Precipitation variability in S.CA is the most complex of the six west coast regions considered in this study. The fourth EOF, referred to here as a “Southern California mode,” explains less than half of the wet-season variance in S.CA. The remainder is distributed between the other EOFs, and the fifth EOF must be included to account cumulatively for 90% or more of the variance. The structure of the fourth EOF indicates that a substantial portion of wet-season precipitation variability in WA varies out of phase with S.CA precipitation variability, especially on longer time scales. This out-of-phase relationship can be taken as evidence that the moisture-laden storms that are deflected northward by ridging during persistent drought conditions in S.CA tend to increase the precipitation in WA from increased onshore flow. They have little effect on the precipitation in OR and N.CA, which straddle the node that separates positive and negative signs of the fourth EOF.
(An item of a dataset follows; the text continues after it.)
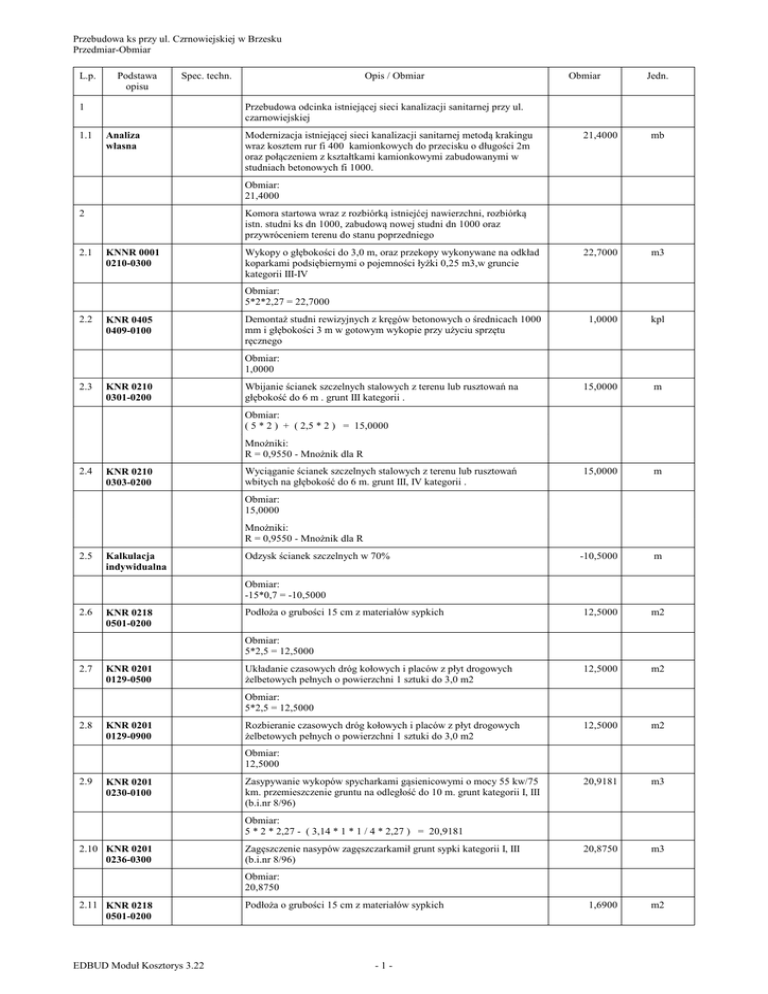Przebudowa ks przy ul. Czrnowiejskiej w Brzesku Przedmiar-Obmiar L.p. Podstawa opisu Spec. techn. 1 1.1 Opis / Obmiar Obmiar Jedn. Przebudowa odcinka istniejącej sieci kanalizacji sanitarnej przy ul. czarnowiejskiej Analiza własna Modernizacja istniejącej sieci kanalizacji sanitarnej metodą krakingu wraz kosztem rur fi 400 kamionkowych do przecisku o długości 2m oraz połączeniem z kształtkami kamionkowymi zabudowanymi w studniach betonowych fi 1000. 21,4000 mb 22,7000 m3 1,0000 kpl 15,0000 m 15,0000 m -10,5000 m 12,5000 m2 12,5000 m2 12,5000 m2 20,9181 m3 20,8750 m3 1,6900 m2 Obmiar: 21,4000 2 2.1 Komora startowa wraz z rozbiórką istniejćej nawierzchni, rozbiórką istn. studni ks dn 1000, zabudową nowej studni dn 1000 oraz przywróceniem terenu do stanu poprzedniego KNNR 0001 0210-0300 Wykopy o głębokości do 3,0 m, oraz przekopy wykonywane na odkład koparkami podsiębiernymi o pojemności łyżki 0,25 m3,w gruncie kategorii III-IV Obmiar: 5*2*2,27 = 22,7000 2.2 KNR 0405 0409-0100 Demontaż studni rewizyjnych z kręgów betonowych o średnicach 1000 mm i głębokości 3 m w gotowym wykopie przy użyciu sprzętu ręcznego Obmiar: 1,0000 2.3 KNR 0210 0301-0200 Wbijanie ścianek szczelnych stalowych z terenu lub rusztowań na głębokość do 6 m . grunt III kategorii . Obmiar: ( 5 * 2 ) + ( 2,5 * 2 ) = 15,0000 Mnożniki: R = 0,9550 - Mnożnik dla R 2.4 KNR 0210 0303-0200 Wyciąganie ścianek szczelnych stalowych z terenu lub rusztowań wbitych na głębokość do 6 m. grunt III, IV kategorii . Obmiar: 15,0000 Mnożniki: R = 0,9550 - Mnożnik dla R 2.5 Kalkulacja indywidualna Odzysk ścianek szczelnych w 70% Obmiar: -15*0,7 = -10,5000 2.6 KNR 0218 0501-0200 Podłoża o grubości 15 cm z materiałów sypkich Obmiar: 5*2,5 = 12,5000 2.7 KNR 0201 0129-0500 Układanie czasowych dróg kołowych i placów z płyt drogowych żelbetowych pełnych o powierzchni 1 sztuki do 3,0 m2 Obmiar: 5*2,5 = 12,5000 2.8 KNR 0201 0129-0900 Rozbieranie czasowych dróg kołowych i placów z płyt drogowych żelbetowych pełnych o powierzchni 1 sztuki do 3,0 m2 Obmiar: 12,5000 2.9 KNR 0201 0230-0100 Zasypywanie wykopów spycharkami gąsienicowymi o mocy 55 kw/75 km. przemieszczenie gruntu na odległość do 10 m. grunt kategorii I, III (b.i.nr 8/96) Obmiar: 5 * 2 * 2,27 - ( 3,14 * 1 * 1 / 4 * 2,27 ) = 20,9181 2.10 KNR 0201 0236-0300 Zagęszczenie nasypów zagęszczarkamił grunt sypki kategorii I, III (b.i.nr 8/96) Obmiar: 20,8750 2.11 KNR 0218 0501-0200 EDBUD Moduł Kosztorys 3.22 Podłoża o grubości 15 cm z materiałów sypkich -1- Przebudowa ks przy ul. Czrnowiejskiej w Brzesku Przedmiar-Obmiar L.p. Podstawa opisu Spec. techn. Opis / Obmiar Obmiar Jedn. Obmiar: 1,3*1,3 = 1,6900 Krotność: 4,0000 2.12 KNR 0228 0406-0300 Studnie rewizyjne z kręgów betonowych o średnicy 1000 mm w gotowym wykopie, głębokość studni do 2,0 m; włazem z logo RPWiK, kształtkami kamionkowymi dn 400 zabudowanymi w studnię (rys. nr 3 proj. przebudowy). 1,0000 studzienki 11,8800 m3 1,0000 kpl 9,0000 m 9,0000 m -6,3000 m 4,5000 m2 4,5000 m2 4,5000 m2 8,6931 m3 10,5300 m3 Obmiar: 1,0000 3 3.1 Komora odbiorcza wraz z rozbiórką istniejącego zagospodarowania, studni, rozbiórką istniejącej studni dn 1000, zabudową nowej studni dn 1000 oraz przywróceniem terenu do stanu poprzedniego. KNNR 0001 0210-0300 Wykopy o głębokości do 3,0 m, oraz przekopy wykonywane na odkład koparkami podsiębiernymi o pojemności łyżki 0,25 m3,w gruncie kategorii III-IV Obmiar: 3 * 1,5 * 2,64 = 11,8800 3.3 KNR 0405 0409-0100 Demontaż studni rewizyjnych z kręgów betonowych o średnicach 1000 mm i głębokości 3 m w gotowym wykopie przy użyciu sprzętu ręcznego Obmiar: 1,0000 3.4 KNR 0210 0301-0200 Wbijanie ścianek szczelnych stalowych z terenu lub rusztowań na głębokość do 6 m . grunt III kategorii . Obmiar: ( 3 * 2 ) + ( 1,5 * 2 ) = 9,0000 Mnożniki: R = 0,9550 - Mnożnik dla R 3.5 KNR 0210 0303-0200 Wyciąganie ścianek szczelnych stalowych z terenu lub rusztowań wbitych na głębokość do 6 m. grunt III, IV kategorii . Obmiar: 9,0000 Mnożniki: R = 0,9550 - Mnożnik dla R 3.6 Kalkulacja indywidualna Odzysk ścianek szczelnych w 70% Obmiar: -9*0,7 = -6,3000 3.7 KNR 0218 0501-0200 Podłoża o grubości 15 cm z materiałów sypkich Obmiar: 3*1,5 = 4,5000 Krotność: 2,0000 3.8 KNR 0201 0129-0500 Układanie czasowych dróg kołowych i placów z płyt drogowych żelbetowych pełnych o powierzchni 1 sztuki do 3,0 m2 Obmiar: 3*1,5 = 4,5000 3.9 KNR 0201 0129-0900 Rozbieranie czasowych dróg kołowych i placów z płyt drogowych żelbetowych pełnych o powierzchni 1 sztuki do 3,0 m2 Obmiar: 4,5000 3.10 KNR 0201 0230-0100 Zasypywanie wykopów spycharkami gąsienicowymi o mocy 55 kw/75 km. przemieszczenie gruntu na odległość do 10 m. grunt kategorii I, III (b.i.nr 8/96) Obmiar: 3 * 1,5 * 2,34 - ( 3,14 * 1 * 1 / 4 * 2,34 ) = 8,6931 3.11 KNR 0201 0236-0300 Zagęszczenie nasypów zagęszczarkamił grunt sypki kategorii I, III (b.i.nr 8/96) Obmiar: EDBUD Moduł Kosztorys 3.22 -2- Przebudowa ks przy ul. Czrnowiejskiej w Brzesku Przedmiar-Obmiar L.p. Podstawa opisu Spec. techn. Opis / Obmiar Obmiar Jedn. 10,5300 3.12 KNR 0218 0501-0200 Podłoża o grubości 15 cm z materiałów sypkich 1,6900 m2 1,0000 studzienki 10,0000 godz. 1,0000 kpl Obmiar: 1,3*1,3 = 1,6900 Krotność: 2,0000 3.13 KNR 0228 0406-0300 Studnie rewizyjne z kręgów betonowych o średnicy 1000 mm w gotowym wykopie, głębokość studni do 2,0 m; włazem z logo RPWiK, kształtkami kamionkowymi dn 400 zabudowanymi w studnię (rys nr 3 proj. przeb). Obmiar: 1,0000 4 4.1 Odwodnienie podczas wykonywanych robót KNRw 0201 0604-0100 Pompowanie próbne pomiarowe lub oczyszczające - średnice otworów od 150 do 500 mm- przyjęto orientacyjne. Podczas wykonywania robót nakleży rozliczyć wg ilości godzin pompowań potwierdzonych przez Inspektora Nadzoru. Obmiar: 10,0000 5 Przepompowanie ścieków do czynnego kanału Kalkulacja indywidualna Przepompowanie ścieków p

The analysis in this study illustrates the utility of the hybrid precipitation index developed in Part I. The hybrid index enabled determination of the time scales of the N.CA PDSI and MCDI, which provided insight in section 2 into the most suitable choices of temporal smoothing for the investigation of atmospheric forcing of California drought variability on the single time scales that are captured by the PDSI or MCDI algorithms. The simplicity of the algorithm for the hybrid index facilitated the construction in section 3 of PDSI/MCDI-like precipitation indices for the S.AK and BC regions for which actual PDSI and MCDI time series are not available. The ability to control the time scale of interest with the hybrid index enabled the investigation in section 3 of the dependencies of the geographical patterns of precipitation variability on time scale. This is an important advantage of the hybrid index since precipitation variability occurs on a wide range of time scales, not on just the single time scale identified by the PDSI or MCDI algorithms.
Acknowledgments
This research was partly supported by NASA Contract NNH15CO77C to Remote Sensing Systems. We thank Roger Samelson and Nicholas Siler for their suggestions for improving the manuscript. We also thank two anonymous reviewers for helpful comments that improved the manuscript.
APPENDIX A
Data Sources
The time series of monthly precipitation anomalies for N.CA that is analyzed in section 2 was defined to be the average of the monthly precipitation anomalies over NOAA climate divisions 1, 2, 3, and 5 in California (see Fig. A1). The precipitation time series for the individual climate divisions were downloaded for the time period January 1948–May 2017 from the NOAA Climate at a Glance web page (http://www.ncdc.noaa.gov/cag/). A Palmer drought severity index (PDSI) does not appear to be available for N.CA. We therefore estimated the N.CA PDSI as the average of the individual PDSIs downloaded from the above NOAA Climate at a Glance web page for California climate divisions 1, 2, 3, and 5. Because of the nonlinearity of the iterative algorithm for the PDSI, the N.CA PDSI calculated in this manner is not exactly the same as the N.CA PDSI that would be calculated properly from the area-weighted average precipitation and air temperature anomalies in the four climate divisions.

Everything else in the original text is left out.